(Dataset items)
______________________________

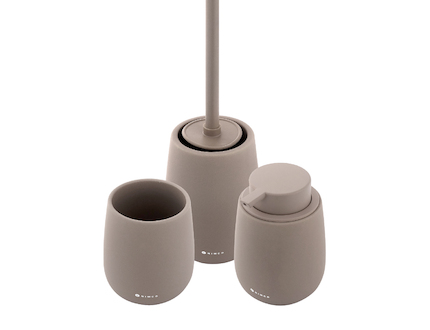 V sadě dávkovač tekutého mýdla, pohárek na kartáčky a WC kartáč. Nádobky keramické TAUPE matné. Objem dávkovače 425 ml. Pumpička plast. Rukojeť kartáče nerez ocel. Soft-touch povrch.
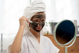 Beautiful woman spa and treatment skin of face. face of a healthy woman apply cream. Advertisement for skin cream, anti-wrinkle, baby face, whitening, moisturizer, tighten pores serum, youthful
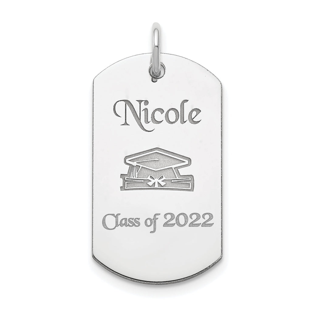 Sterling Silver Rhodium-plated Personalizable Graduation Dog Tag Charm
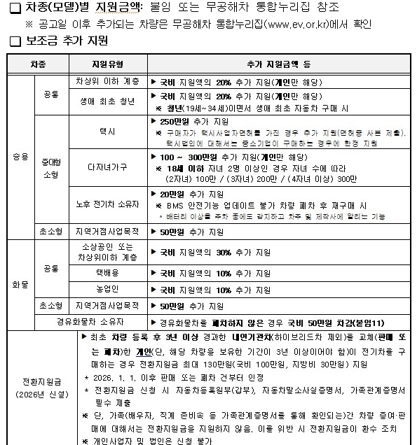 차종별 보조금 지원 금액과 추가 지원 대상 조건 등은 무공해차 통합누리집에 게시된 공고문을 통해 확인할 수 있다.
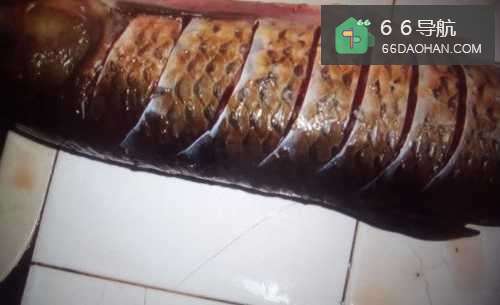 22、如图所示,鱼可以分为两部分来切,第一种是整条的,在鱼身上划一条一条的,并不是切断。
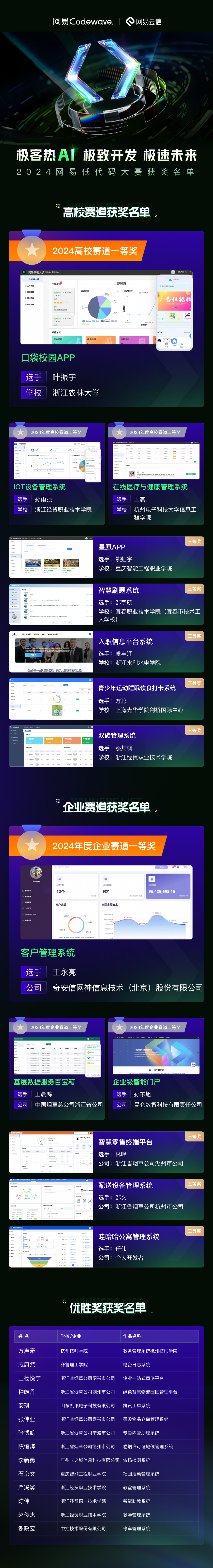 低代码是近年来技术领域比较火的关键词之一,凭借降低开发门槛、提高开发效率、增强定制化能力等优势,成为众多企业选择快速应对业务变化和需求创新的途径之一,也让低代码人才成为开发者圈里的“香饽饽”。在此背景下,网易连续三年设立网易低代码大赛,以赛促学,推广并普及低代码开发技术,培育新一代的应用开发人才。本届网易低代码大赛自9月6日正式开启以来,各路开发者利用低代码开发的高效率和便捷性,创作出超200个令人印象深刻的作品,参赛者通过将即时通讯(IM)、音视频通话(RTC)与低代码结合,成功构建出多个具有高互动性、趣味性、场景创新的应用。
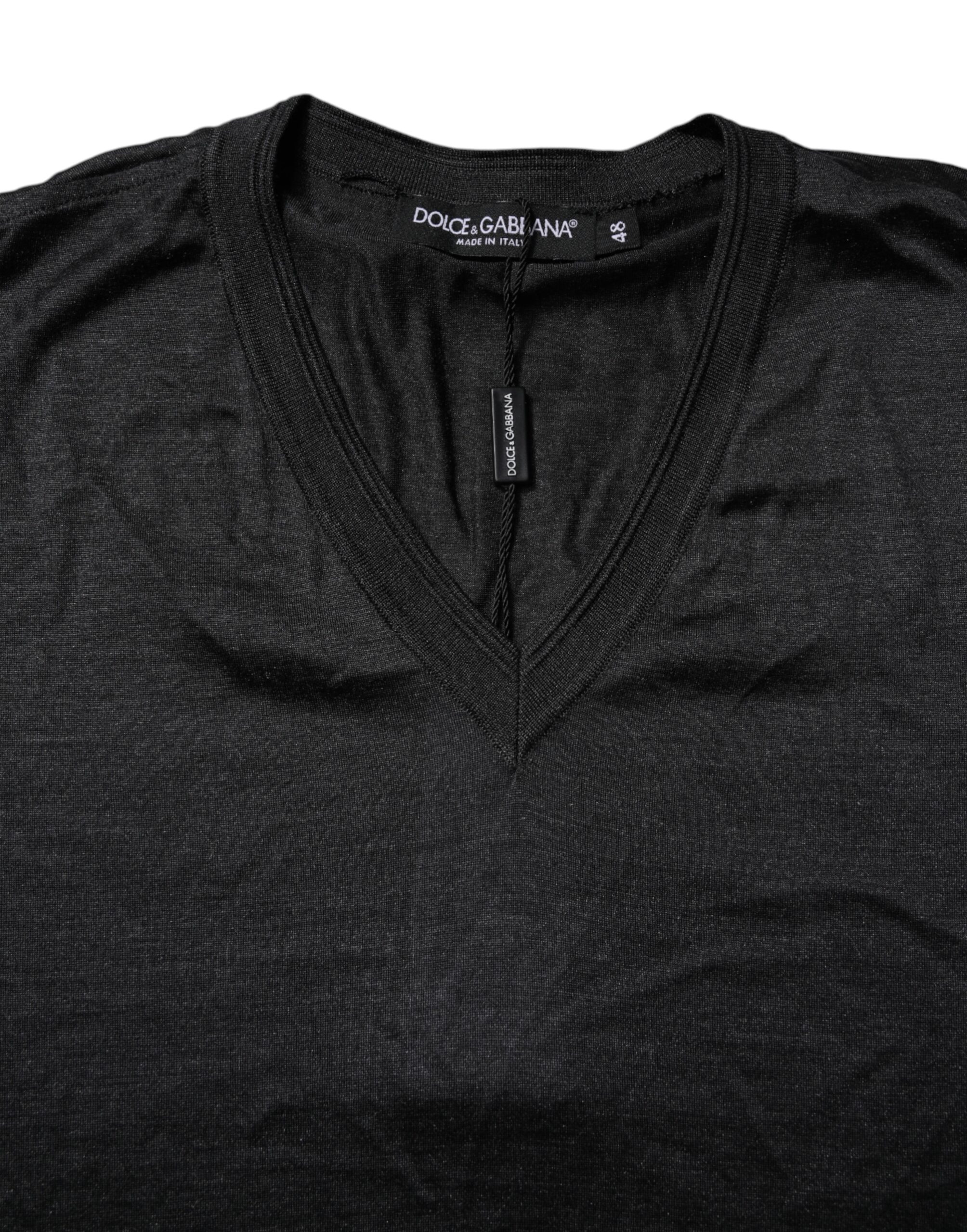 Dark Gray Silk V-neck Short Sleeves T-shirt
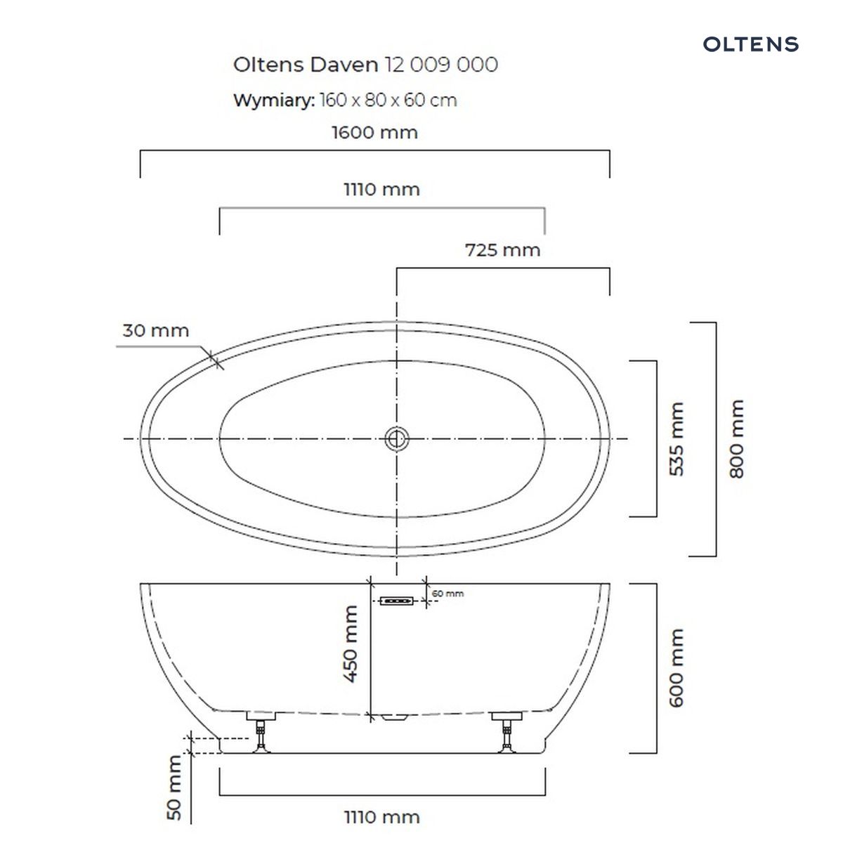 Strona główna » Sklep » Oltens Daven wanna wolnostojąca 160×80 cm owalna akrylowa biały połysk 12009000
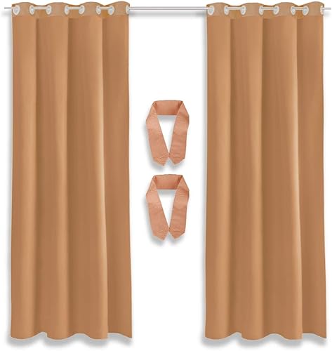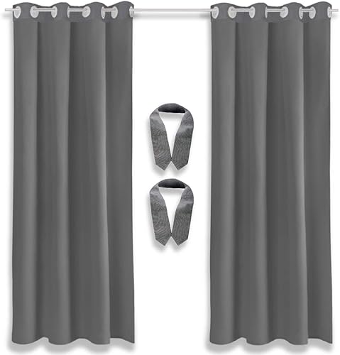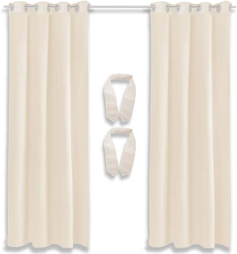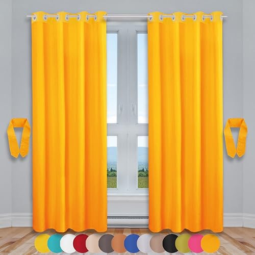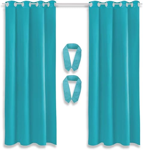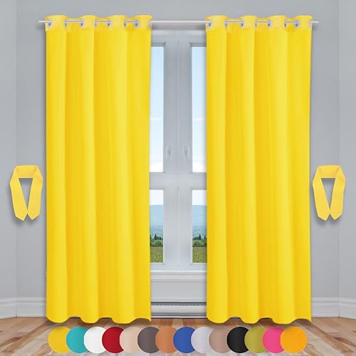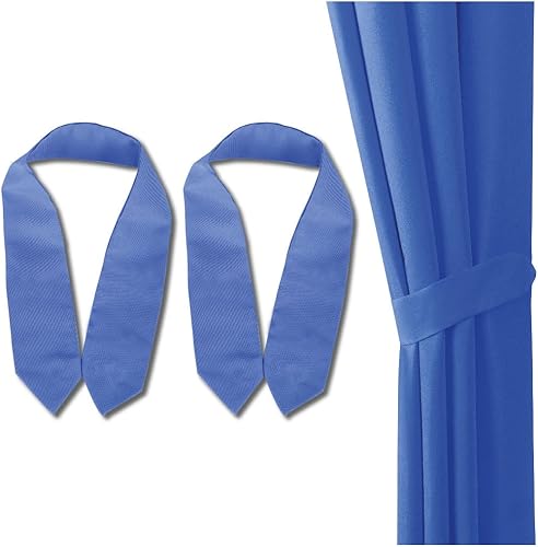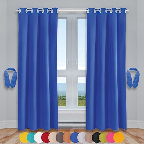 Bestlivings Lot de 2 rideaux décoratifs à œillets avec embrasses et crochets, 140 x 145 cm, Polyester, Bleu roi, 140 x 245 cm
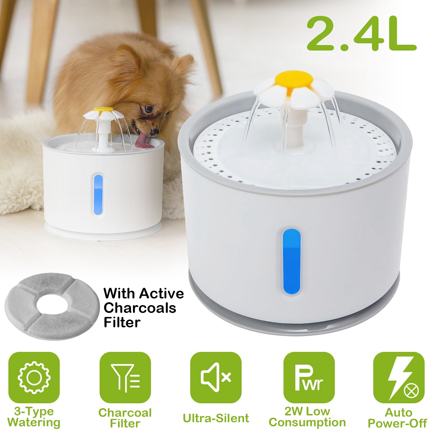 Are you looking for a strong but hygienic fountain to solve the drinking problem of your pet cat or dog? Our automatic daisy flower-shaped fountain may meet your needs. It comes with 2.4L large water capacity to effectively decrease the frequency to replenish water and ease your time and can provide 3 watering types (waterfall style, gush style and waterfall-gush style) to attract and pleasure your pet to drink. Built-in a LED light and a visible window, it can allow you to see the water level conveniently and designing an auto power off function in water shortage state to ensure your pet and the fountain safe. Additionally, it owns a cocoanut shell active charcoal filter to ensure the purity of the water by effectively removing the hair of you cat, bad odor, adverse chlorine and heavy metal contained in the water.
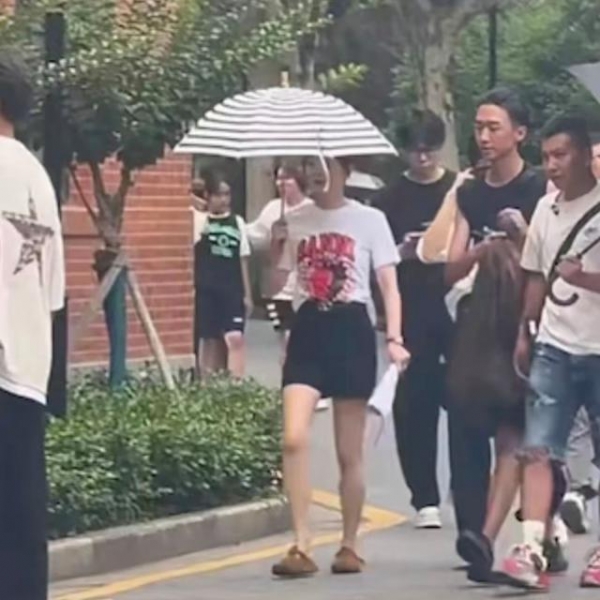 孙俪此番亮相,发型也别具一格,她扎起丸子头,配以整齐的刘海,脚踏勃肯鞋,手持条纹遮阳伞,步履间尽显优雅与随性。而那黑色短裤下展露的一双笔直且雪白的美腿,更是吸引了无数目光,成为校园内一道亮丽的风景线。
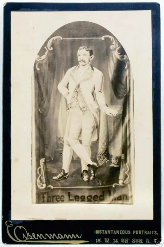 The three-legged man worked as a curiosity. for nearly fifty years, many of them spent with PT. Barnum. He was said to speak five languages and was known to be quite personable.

______________________________

WHAT THIS TASK INVOLVES: Set down, exactly as written above, each line from the one with "차종별 보조금 지원 금액과" through the one with "22、如图所示,鱼可以分为两", and skip the pictures.

WRITTEN ANSWER:
 차종별 보조금 지원 금액과 추가 지원 대상 조건 등은 무공해차 통합누리집에 게시된 공고문을 통해 확인할 수 있다.
 22、如图所示,鱼可以分为两部分来切,第一种是整条的,在鱼身上划一条一条的,并不是切断。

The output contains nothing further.